Eliminate Statutory Damages for Secondary Infringers
Department of Commerce Internet Policy Task Force Comment, 2014
Innovation for the 21st Century paperback, Oxford University Press, USA, 2011
19 Pages Posted: 17 Jan 2014 Last revised: 19 Jan 2014
Date Written: January 15, 2014
One of the areas of copyright law in most desperate need of reform is statutory damages. And while damages awards against direct infringers have received most of the attention, the effect on secondary infringers threatens to be far more detrimental for innovation.
This submission to the Department of Commerce’s Internet Policy Task Force consists of a 3-page outline, followed by a 15-page book chapter (Innovation for the 21st Century paperback, Oxford University Press, USA (2011)). It makes three points. First, applying statutory damages to secondary infringers is not necessary to fulfill the purposes for which the remedy was adopted. Statutory damages are not needed to ensure adequate compensation since copyright owners can show the amount of damages. And they are not needed to deter infringement since copyright owners are able to obtain actual damages. The submission also explains how statutory damages of as much as $150,000 for each infringed work threaten unique harm as applied to secondary infringers that are pushed into settlement or bankruptcy or that might not even be able to appeal given large bond requirements.

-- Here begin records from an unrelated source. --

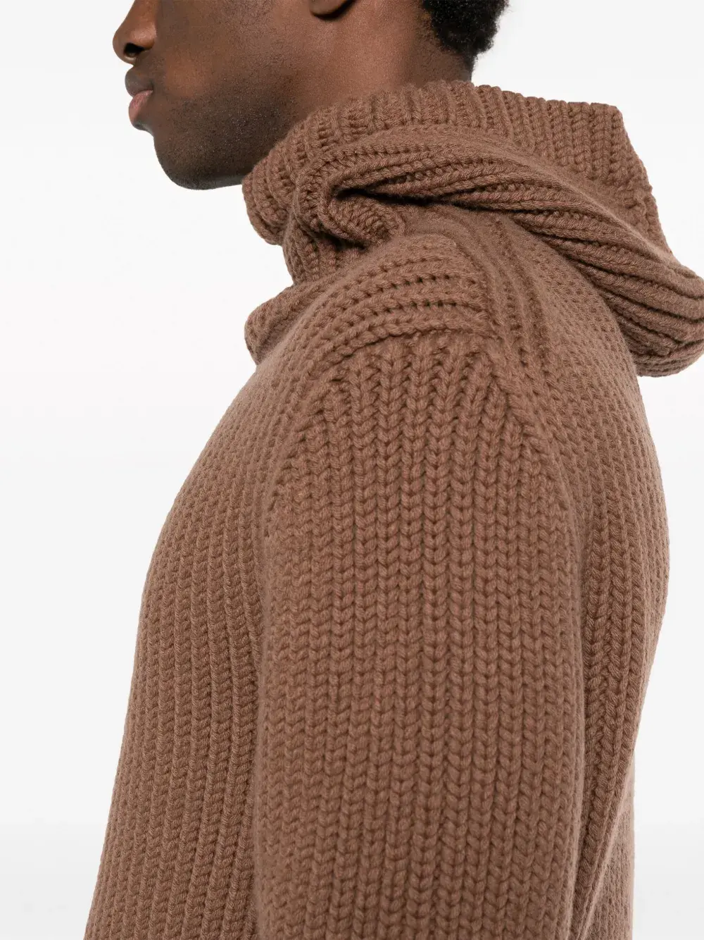 Джемпер в рубчик с капюшоном Lanvin, коричневый
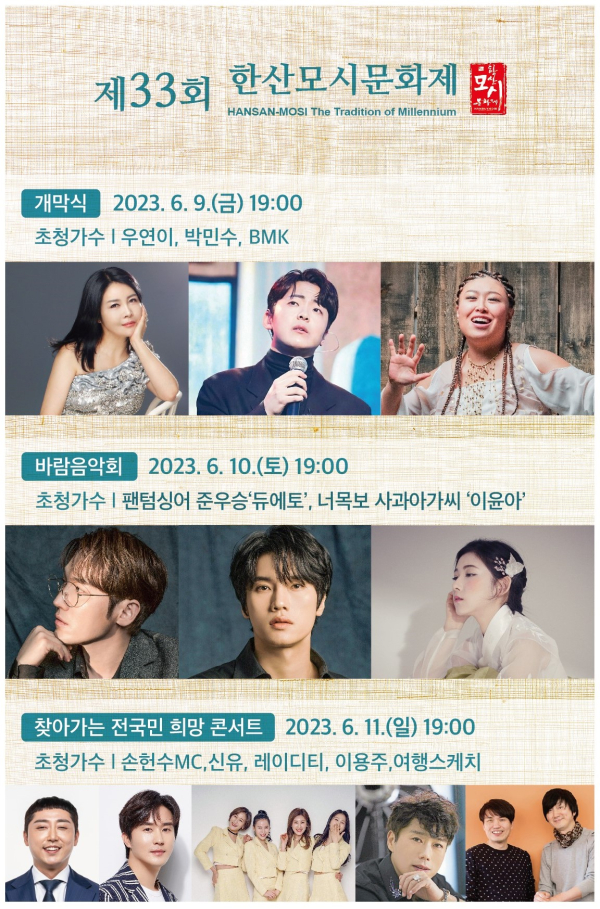 서천군, 한산모시문화제 초청 가수 라인업 확정
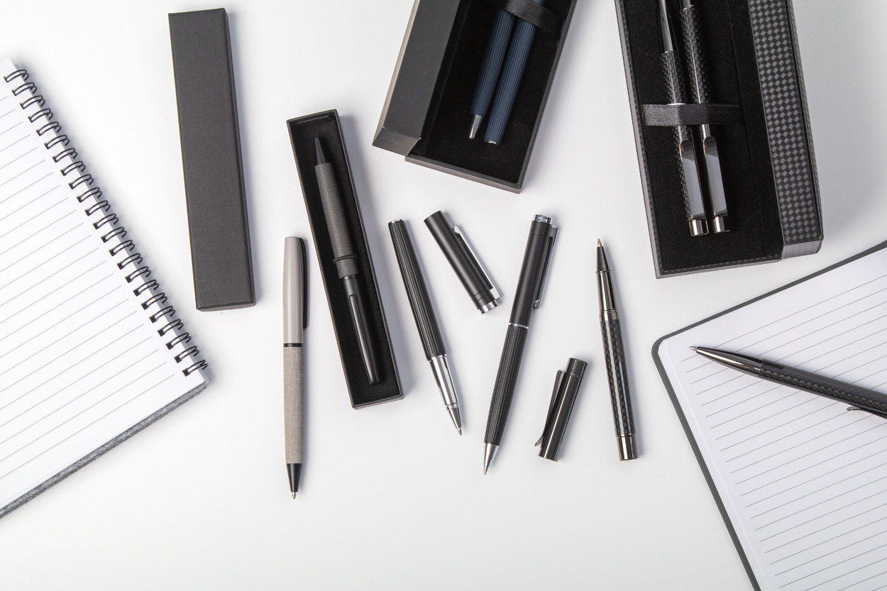 Schreibgeräteset Stripo bedruckt mit Logo und kurzfristig lieferbar.

Second, statutory damages harm innovation. But these harms are extremely difficult, if not impossible, to discern. It is difficult to find precise evidence of stifled innovation when the innovation fails to reach the market, when observers cannot engage in counterfactual analysis, and when litigated cases are only the tip of the iceberg. In my article, “Copyright and Innovation: The Untold Story,” I documented harms to innovation from statutory damages, as exacerbated by secondary liability law and personal liability, but this evidence is available only from detailed interviews.
Third, Congress should exempt secondary infringers from statutory damages. Such a (long-overdue) revision would acknowledge that, in the context of secondary liability, statutory damages are not needed to assure adequate compensation, not needed to deter infringement, and harmful to innovation.